Well, my first reaction would be: *precisely so.*
And my second reaction would be to wonder: what did our grand-parents do to deserve grand-children like us?
"Ms. Richey's family of five used some of the money to buy season tickets to Disneyland, and plans to take a Carnival cruise to Mexico in March. Mr. Fernandez takes his girlfriend out to dinner more frequently. 'We're saving lots of money,' Ms. Richey says."
Too funny. Too sad.
Posted by steve burton | December 12, 2009 2:42 PM
" MR. VOLCKER: A few years ago I happened to be at a conference of business people, not financial people, and I was making a presentation. The conference was being addressed by a very vigorous young investment banker from London who was explaining to all these older executives how their companies would be dust if they did not realize the joys of financial innovation and financial engineering, and that they had better get with it.
I was listening to this, and I found myself sitting next to one of the inventors of financial engineering. I didn't know him, but I knew who he was and that he had won a Nobel Prize, and I nudged him and asked what all the financial engineering does for the economy and what it does for productivity.
Much to my surprise, he leaned over and whispered in my ear that it does nothing—and this was from a leader in the world of financial engineering. I asked him what it did do, and he said that it moves around the rents in the financial system—and besides, it's a lot of intellectual fun..."
http://online.wsj.com/article/SB10001424052748704825504574586330960597134.html?mod=WSJ_hps_MIDDLESecondNews
I don't get the season tickets - why anyone who lives in the Antelope Valley would want to drive to Anaheim more than once a year or so is beyond me but both parties have realized five figure gains in income so a few dinners are no big deal and helpful to local restaurants and cruises to Mexico are not all that much from Southern California.
The alternative to bankruptcy and its analogues is peonage. Tut-tutting over a few frivolous expenditures while ignoring the billions pocketed by the folks who made it all possible misses the point.
Volcker's comment strikes at the heart of things. Call it usury or rent-seeking, we would be better off if we taxed it out of existence.

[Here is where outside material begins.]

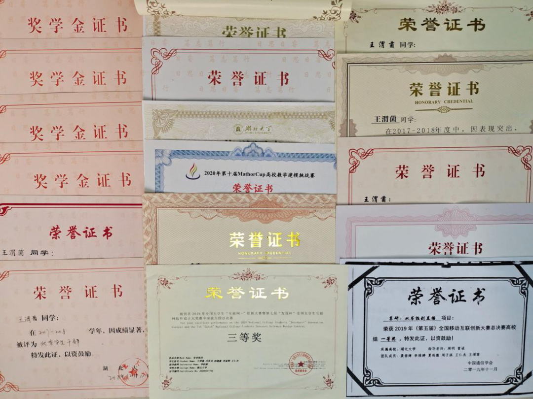 此外,她也经常参加创新创业类竞赛,包括互联网+以及大创。通过积极参与科研竞赛,发现自己的兴趣、找到未来的方向。对于竞赛,她当做一个课外体验的拓展活动来做,正是立足当下,胜固可喜,败亦欣然的态度使她和团队取得了优异成绩:亚太建模、Mathorcup数学建模等多项数学建模竞赛奖项、软件开发类比赛移动互联创新全国一等奖、“发现杯”全国大学生互联网软件设计大奖赛三等奖、“我梦见——楚天创客”比赛优秀创意奖、“挑战杯”湖北省大学生创业计划竞赛铜奖、演讲比赛三等奖、湖北省新闻传播教育创新实践技能竞赛媒体融合类一等奖、第四届中国数据新闻大赛全国一等奖、征文活动优秀文章奖等一系列荣誉奖项。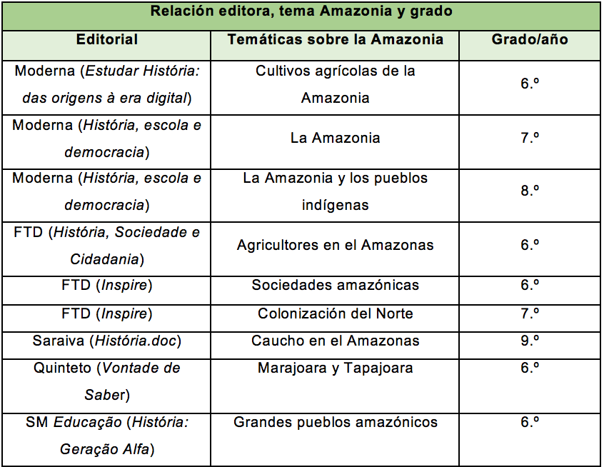 De los 40 libros, solo 9 mencionan la región amazónica. Cada una de las colecciones -Historia, escuela y democracia e Inspirar- presentan dos libros que mencionan la Amazonia. Tales narrativas ocupan, en promedio, 1 o 2 párrafos sobre la Amazonia. En dichos párrafos la región se presenta de forma genérica y como un área homogénea. Las narrativas se limitan a mencionar que hay rastros de presencia humana en la región que datan del periodo entre dos mil (Editorial SM Educação - História: Geração Alfa) y once mil años (Editorial Moderna - Estudar a História: das origens à era digital).

Posted by al | December 14, 2009 2:49 PM
I've called plenty of what laid to waste the economy of this country usury. The banks and financiers and government have set up a system where it is quite perfectly rational to renege on a mortgage debt. The people, no less than the government, are debasing our currency.
But the proper response to this fact is not, as our leaders have done, to simply embrace all that folly, on both sides, and pretend like nothing else will go wrong. Actually reality is going to hit again -- probably harder. The proper response to is to work toward some recognition of reality. Instead we go the other way.